What this task involves. The material below is to be copied exactly from the line with "TWO STONEWARE CROCKS." up to and including the line with "Housing tenure of", with nothing else kept and no pictures.

Data to process.

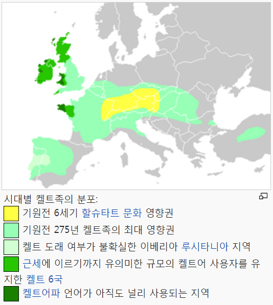 그들의 고국은 지금의 남독일 근처라고 전해지고 있다. 기원 전후에는 거의 프랑스 근처까지 영역을 넓혔다. 벨기에, 스위스, 이베리아 반도, 발칸 반도, 소아시아까지 영역을 넓혔던 시기도 있다. 그러나 그후, 여러 민족에게 억압을 받으면서 그들은 대륙을 떠나 영국이나 아일랜드 등의 섬에 숨어버렸다.
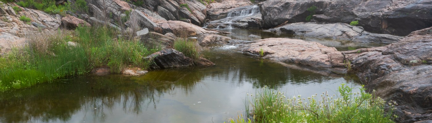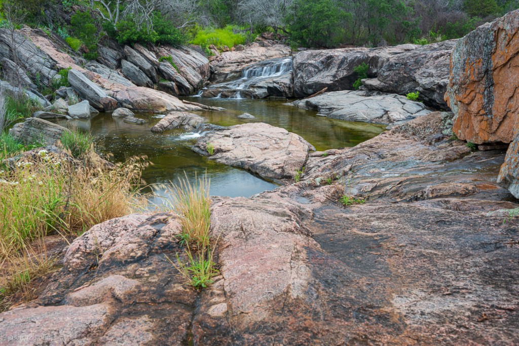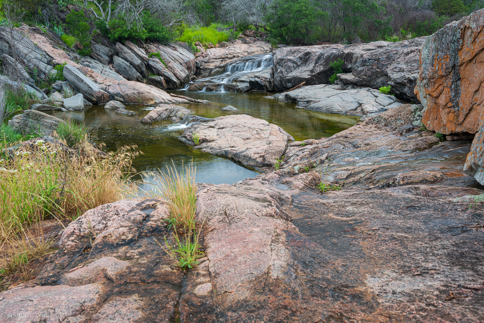 As I got closer, the rocks got more and more slippery. I knew that with nothing to hold on to, there was no way I was going to make it out onto the rocks directly in front of the waterfall without slipping and falling. So, I made do with what I could get from farther back. In the image below you can see the slippery rocks at the base of the small waterfall. It may not look like it in the photo, but the granite was coated with water and very slick. The creek bottom is coated with slippery green algae and I knew better than to try to wade out into that. I would have liked to set up on the rock directly opposite the waterfall in the distance, but I didn’t chance it. I also tried my best to shoot without the flat gray sky in the image.
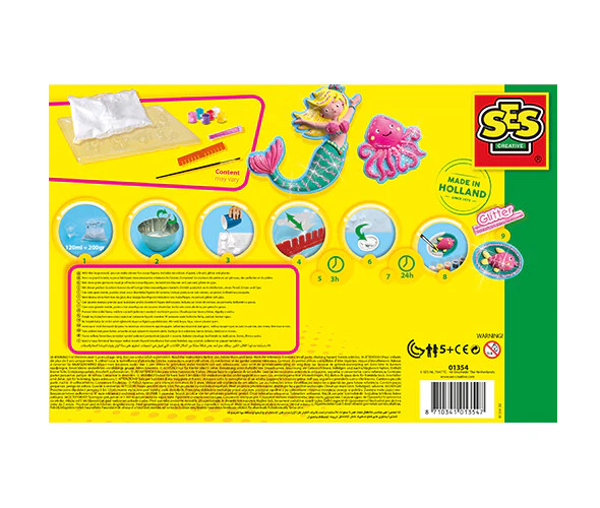 Met deze SES Gieten en Schilderen maak je verschillende oceaanfiguren. Giet de vloeibaar gips in de grote gietvorm. Laat het opdrogen en wrijf het glad. Geef de zeemeermin, dolfijn, vis, schelp en andere oceaanfiguren een kleurtje met de bijgeleverde kwast, verf en glitters.
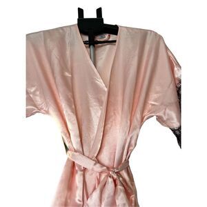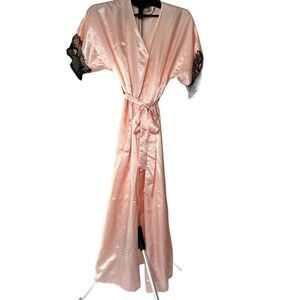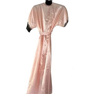 LINEA DONATELLA Maxi Solid Pink Boudoire Chemise Satin Robe Set NWT S/M/P/M
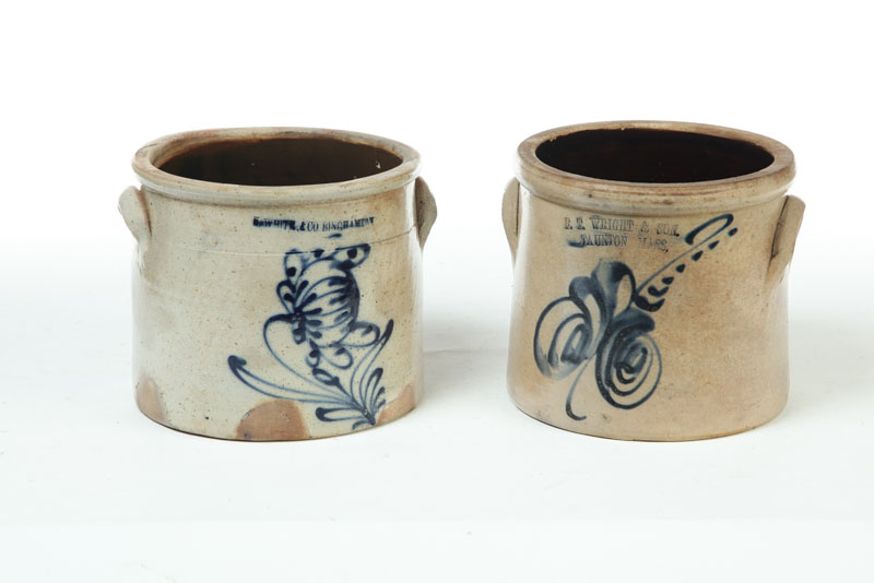 TWO STONEWARE CROCKS.
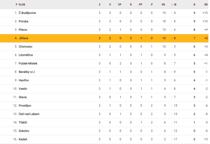 Tabulka Chance Ligy 2019/2020 po třetím kole
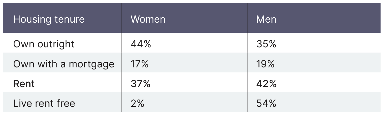 Housing tenure of divorced women and men aged 60 to 69
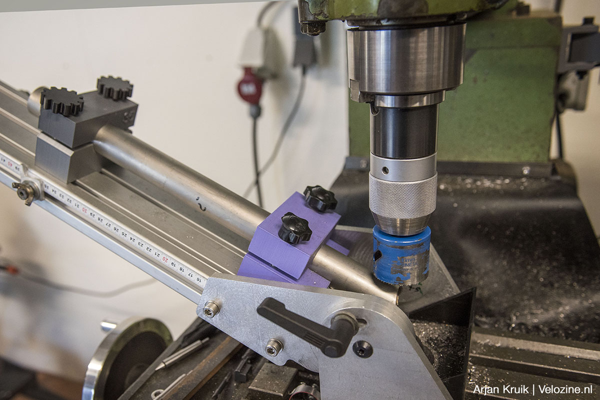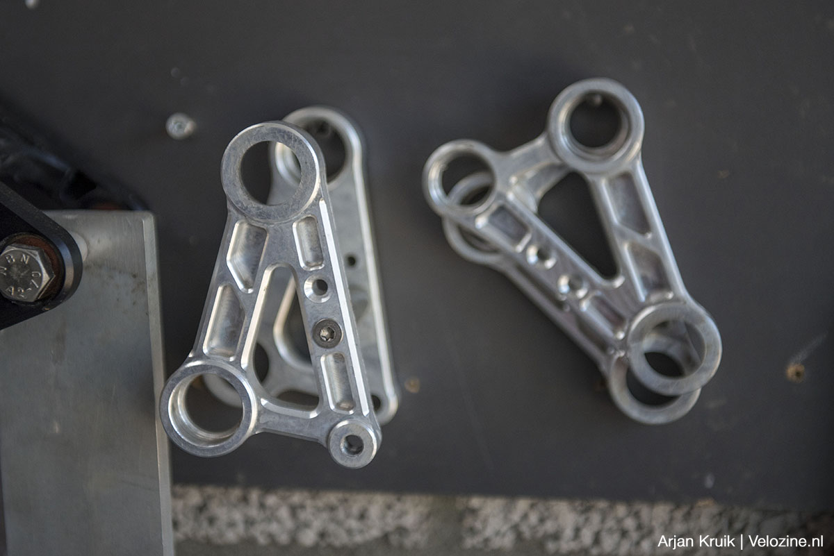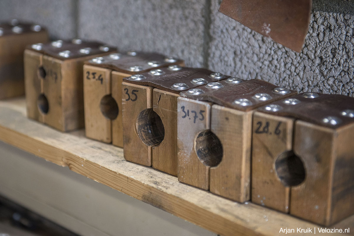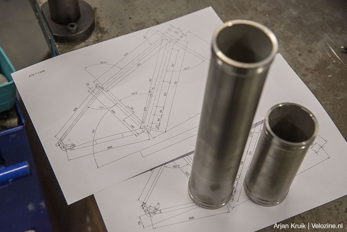 Achterin het pand komen we in het domein van Michiel Burgerhout. Hier komen zijn stalen creaties tot leven. Hij is bedreven in hardsolderen en legt zich sinds kort ook toe op het TIG-lassen. De combinatie van beide verbindingsmethoden geeft hem veel vrijheid. En dankzij het machinepark twee deuren terug, hoeft hij zelden naar buiten te kijken voor oplossingen. Zo ontwikkelde hij bijvoorbeeld de verstelbare uitvaleinden voor de Vittorio’s met naafversnelling of versnellingsbak. De standaardoplossing werkte goed, maar het kon beter. En dus werd het beter gemaakt.
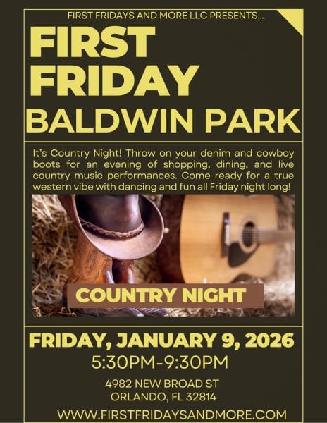 Embrace rustic country vibes for Country Night in Baldwin Park. Don your cowboy boots and cowboy hats to enjoy live country music, line dancing, unique vendors, and more. This FREE family-friendly and pet-friendly event is sure to be a hit.
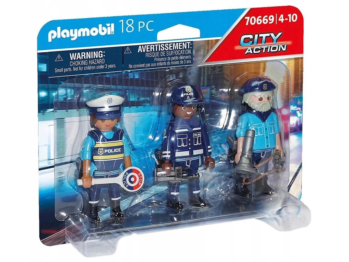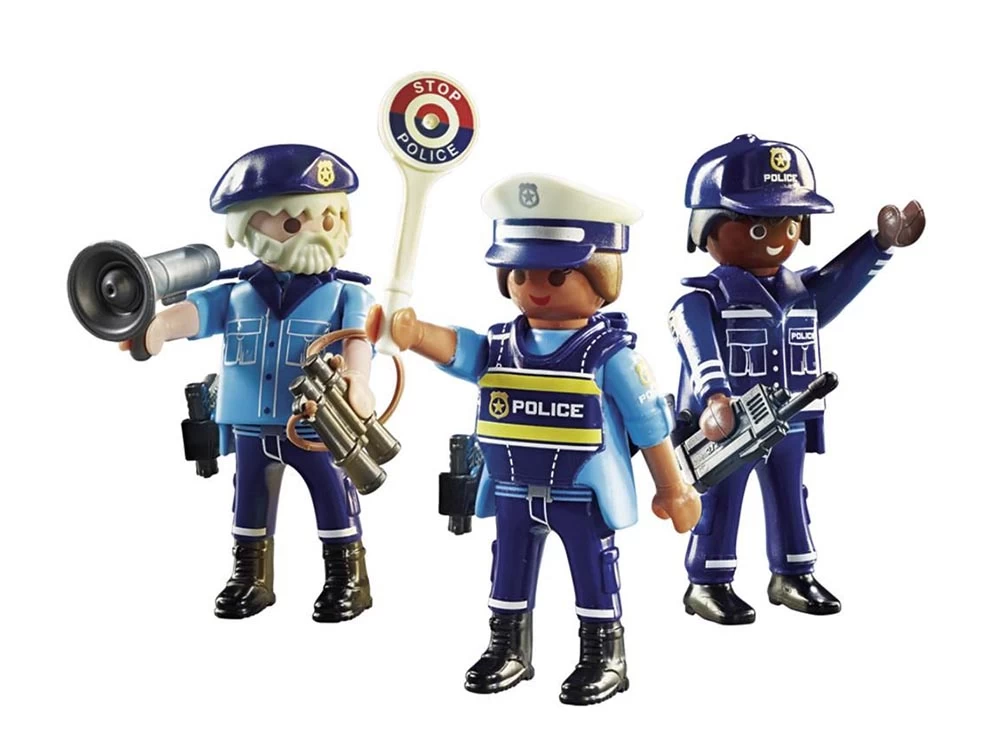 Consigue refuerzos para el equipo de policía de PLAYMOBIL con el set de figuras policía. Tres figuras adicionales equipadas con megáfono, paleta, radio y otros extras te están esperando.
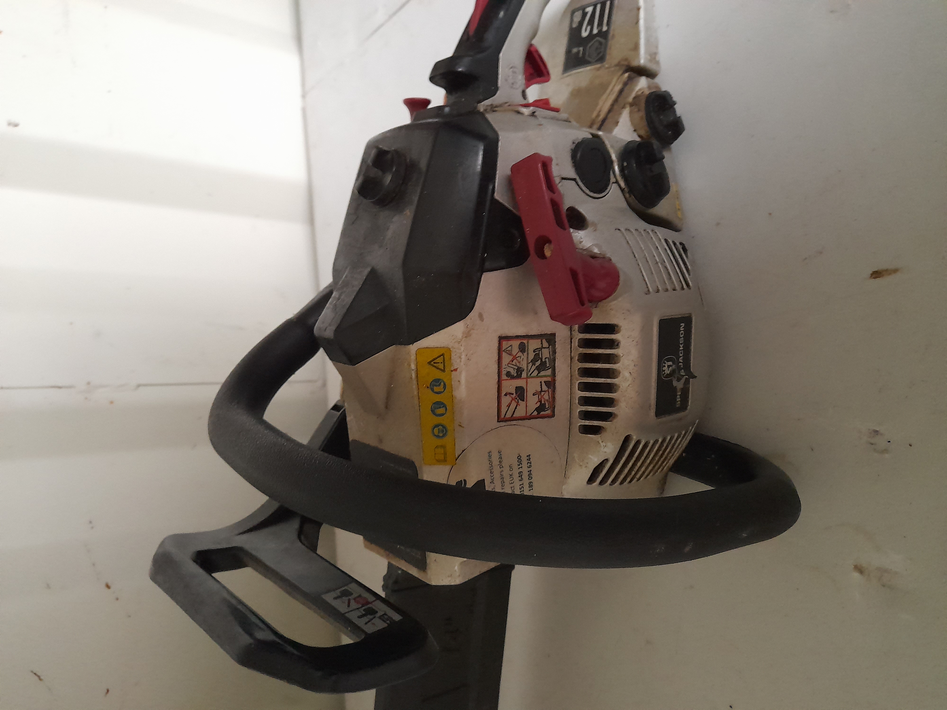 A Spear and Jackson petrol chainsaw featuring a white and black body with red accents and a black guide bar cover.
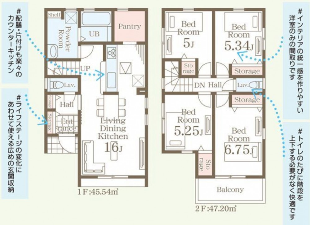 - システムキッチン、カウンターキッチン、シャンプードレッサー、洗浄便座、浴室乾燥機、複層ガラス、モニタ付インターホン、駐車場2台分、床下収納、トイレ2箇所
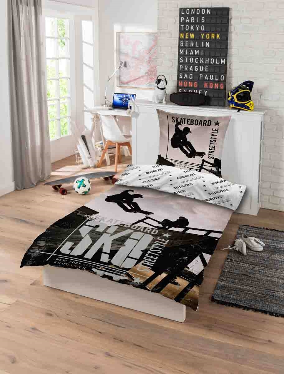Forside » Sengetøj » Børne sengetøj » Børne sengetøj 140x200 cm Sengetøj 140x200 cm - Børne Skater sengetøj med vendbart design - Streetstyle og skateboarding sengesæt i 100% bomuld Licens 199,95DKK På lager Trustpilot Antal Læg i kurv Se mere fra: Licens Artikelnummer: 99267-1 Læs vores sengetøjsguide Se vores store udvalg af lagner Se vores store udvalg af dyner 140x200 Har du spørgsmål til produktet? OEKO-TEX® certificeretBlødt og lækkertSmart design Dynebetræk: 140x200 cm Pudebetræk: 60x63 cm Materiale: 100% blød bomuld Farve: Sort, hvidt, gråt Motiv: Vendbart design - forside med skater motiv, bagside med all-over print med tekst Lukning: Dyne med knapper og pudebetræk med overlap Vask: 60° Tørretumbling: Ja Tåler strygning: Ja Certificering: STANDARD 100 by OEKO-TEX® (2018OK1545). Din garanti for at produktet er fri for sundhedsskadelig kemi. Sengetøj med et sejt motiv af en skater på rampen, i fuld fart. Et børnesengesæt til skateboarding fanen. Det bløde sengesæt produceret i 100% bomuld er både åndbart og absorberende, og med god sovekomfort. Et slidstærkt bomulds børnesengesæt, som gør børneværelset lidt mere spændende. Skateboarding - Når der skal være fart på! Cool sengesæt til en ægte skater! Betrækket har et sejt print af en skateboard rampe med to skatere. Bagsiden er hvid med teksten "skateboard" og "streetstyle". Sengesættet er produceret i 100% blød bomuld som gør sættet slidestærkt og med høj åndbarhed. Den rene bomuldskvalitet giver et lækkert og blødt sengesæt, der er med til at fremme en sovekomfort for barnet. Bomuldssengetøj kan vaskes ved 60° i vaskemaskinen, som er også et med til at holde et et højt hygiejne niveau. Sengetøjet er yderligere fremstillet med OEKO-TEX certificeret, hvilke er din garanti for at sættet er fri for skadelig kemi. Gå på udkig efter favoritterne og meget mere, i vores store udvalg af tilbehør til børneuniverset For barnet bør sengen være et trygt sted og alle elementerne skal til sammen skabe bløde og dejlige omgivelser for barnet at finde ro i. Brug derfor gerne barnets interesser, til at skabe et trygt soverum for barnet. Hos os kan du finde et stort udvalg af tilbehør til sengen og børneværelset, lige fra lagner til dyner, puder, sengetøj og meget mere, og massere af produkter med alle børnenes favoritter på. Alt sammen elementer som kan være med til at skabe det rette sove miljø og værelse til dit barn. Her kan du finde lækre og bløde kvalitets lagner Tilbage til Børne sengetøj 140x200 cm

Exercise response.
 TWO STONEWARE CROCKS.
 Tabulka Chance Ligy 2019/2020 po třetím kole
 Housing tenure of divorced women and men aged 60 to 69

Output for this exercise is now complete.